**TASK PROMPT**
Exactly the lines from the one with "As we mentioned" through the end of the records below are needed, minus any pictures.

[Items listed in a dataset]
########################################

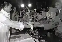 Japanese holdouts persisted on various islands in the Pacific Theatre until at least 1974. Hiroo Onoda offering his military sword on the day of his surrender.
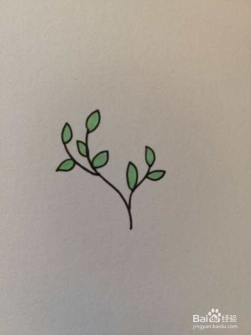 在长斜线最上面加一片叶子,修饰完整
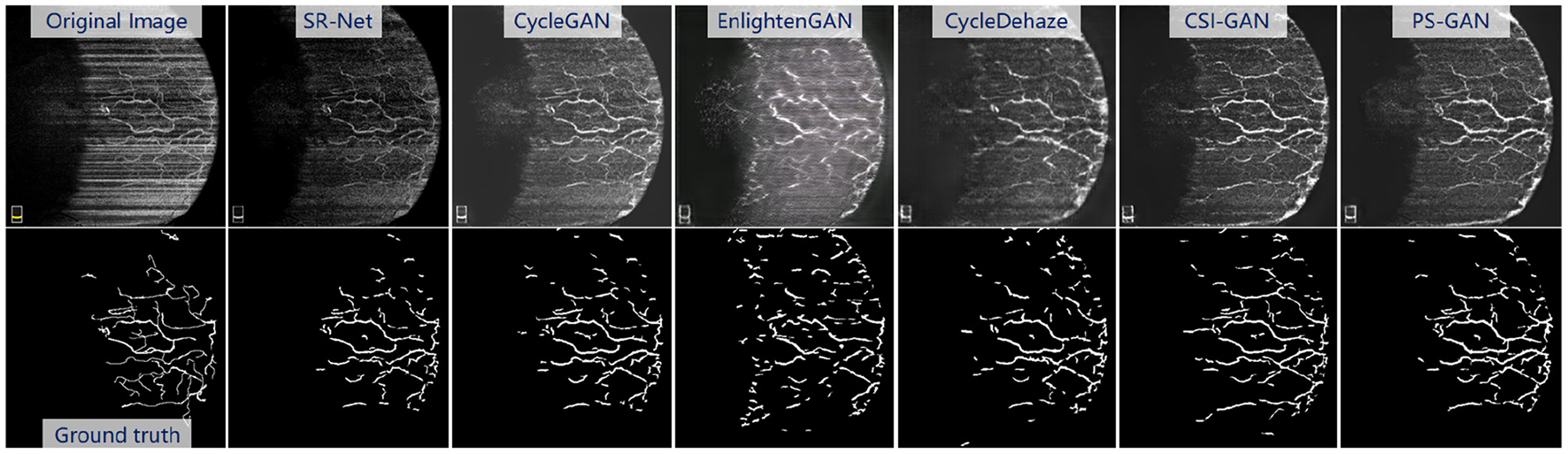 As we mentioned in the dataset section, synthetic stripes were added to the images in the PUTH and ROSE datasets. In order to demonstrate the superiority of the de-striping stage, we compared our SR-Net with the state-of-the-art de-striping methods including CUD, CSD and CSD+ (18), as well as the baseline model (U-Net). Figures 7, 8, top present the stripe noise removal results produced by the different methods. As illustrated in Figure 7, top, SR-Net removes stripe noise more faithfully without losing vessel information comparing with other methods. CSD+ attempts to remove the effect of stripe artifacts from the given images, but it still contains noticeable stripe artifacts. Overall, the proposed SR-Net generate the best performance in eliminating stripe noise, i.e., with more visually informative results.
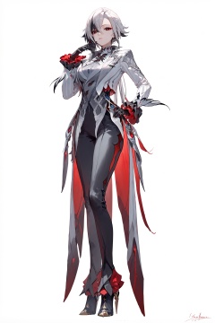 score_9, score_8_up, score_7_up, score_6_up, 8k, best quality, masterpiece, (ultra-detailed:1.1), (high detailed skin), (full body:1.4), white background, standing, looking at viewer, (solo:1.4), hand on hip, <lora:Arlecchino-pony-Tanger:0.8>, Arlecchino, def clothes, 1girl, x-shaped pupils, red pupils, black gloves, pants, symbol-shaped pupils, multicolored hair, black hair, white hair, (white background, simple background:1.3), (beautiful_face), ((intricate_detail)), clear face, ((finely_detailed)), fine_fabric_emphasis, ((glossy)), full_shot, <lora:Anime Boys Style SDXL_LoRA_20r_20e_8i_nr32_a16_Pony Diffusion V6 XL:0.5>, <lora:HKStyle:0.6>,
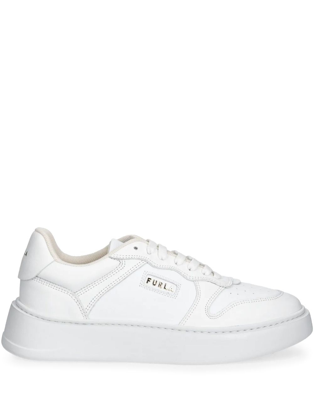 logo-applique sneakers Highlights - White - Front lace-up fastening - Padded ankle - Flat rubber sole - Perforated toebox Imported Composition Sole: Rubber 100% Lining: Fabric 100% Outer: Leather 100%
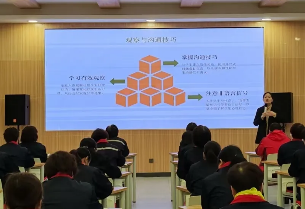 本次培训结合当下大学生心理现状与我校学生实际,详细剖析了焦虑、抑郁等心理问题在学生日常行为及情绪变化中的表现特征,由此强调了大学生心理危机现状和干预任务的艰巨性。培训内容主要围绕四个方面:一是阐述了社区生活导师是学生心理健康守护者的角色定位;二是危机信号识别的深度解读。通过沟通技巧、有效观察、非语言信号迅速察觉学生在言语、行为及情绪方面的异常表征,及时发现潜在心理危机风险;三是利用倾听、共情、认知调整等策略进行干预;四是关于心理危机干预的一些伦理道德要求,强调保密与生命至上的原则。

########################################

**WORKED SOLUTION**
 As we mentioned in the dataset section, synthetic stripes were added to the images in the PUTH and ROSE datasets. In order to demonstrate the superiority of the de-striping stage, we compared our SR-Net with the state-of-the-art de-striping methods including CUD, CSD and CSD+ (18), as well as the baseline model (U-Net). Figures 7, 8, top present the stripe noise removal results produced by the different methods. As illustrated in Figure 7, top, SR-Net removes stripe noise more faithfully without losing vessel information comparing with other methods. CSD+ attempts to remove the effect of stripe artifacts from the given images, but it still contains noticeable stripe artifacts. Overall, the proposed SR-Net generate the best performance in eliminating stripe noise, i.e., with more visually informative results.
 score_9, score_8_up, score_7_up, score_6_up, 8k, best quality, masterpiece, (ultra-detailed:1.1), (high detailed skin), (full body:1.4), white background, standing, looking at viewer, (solo:1.4), hand on hip, <lora:Arlecchino-pony-Tanger:0.8>, Arlecchino, def clothes, 1girl, x-shaped pupils, red pupils, black gloves, pants, symbol-shaped pupils, multicolored hair, black hair, white hair, (white background, simple background:1.3), (beautiful_face), ((intricate_detail)), clear face, ((finely_detailed)), fine_fabric_emphasis, ((glossy)), full_shot, <lora:Anime Boys Style SDXL_LoRA_20r_20e_8i_nr32_a16_Pony Diffusion V6 XL:0.5>, <lora:HKStyle:0.6>,
 logo-applique sneakers Highlights - White - Front lace-up fastening - Padded ankle - Flat rubber sole - Perforated toebox Imported Composition Sole: Rubber 100% Lining: Fabric 100% Outer: Leather 100%
 本次培训结合当下大学生心理现状与我校学生实际,详细剖析了焦虑、抑郁等心理问题在学生日常行为及情绪变化中的表现特征,由此强调了大学生心理危机现状和干预任务的艰巨性。培训内容主要围绕四个方面:一是阐述了社区生活导师是学生心理健康守护者的角色定位;二是危机信号识别的深度解读。通过沟通技巧、有效观察、非语言信号迅速察觉学生在言语、行为及情绪方面的异常表征,及时发现潜在心理危机风险;三是利用倾听、共情、认知调整等策略进行干预;四是关于心理危机干预的一些伦理道德要求,强调保密与生命至上的原则。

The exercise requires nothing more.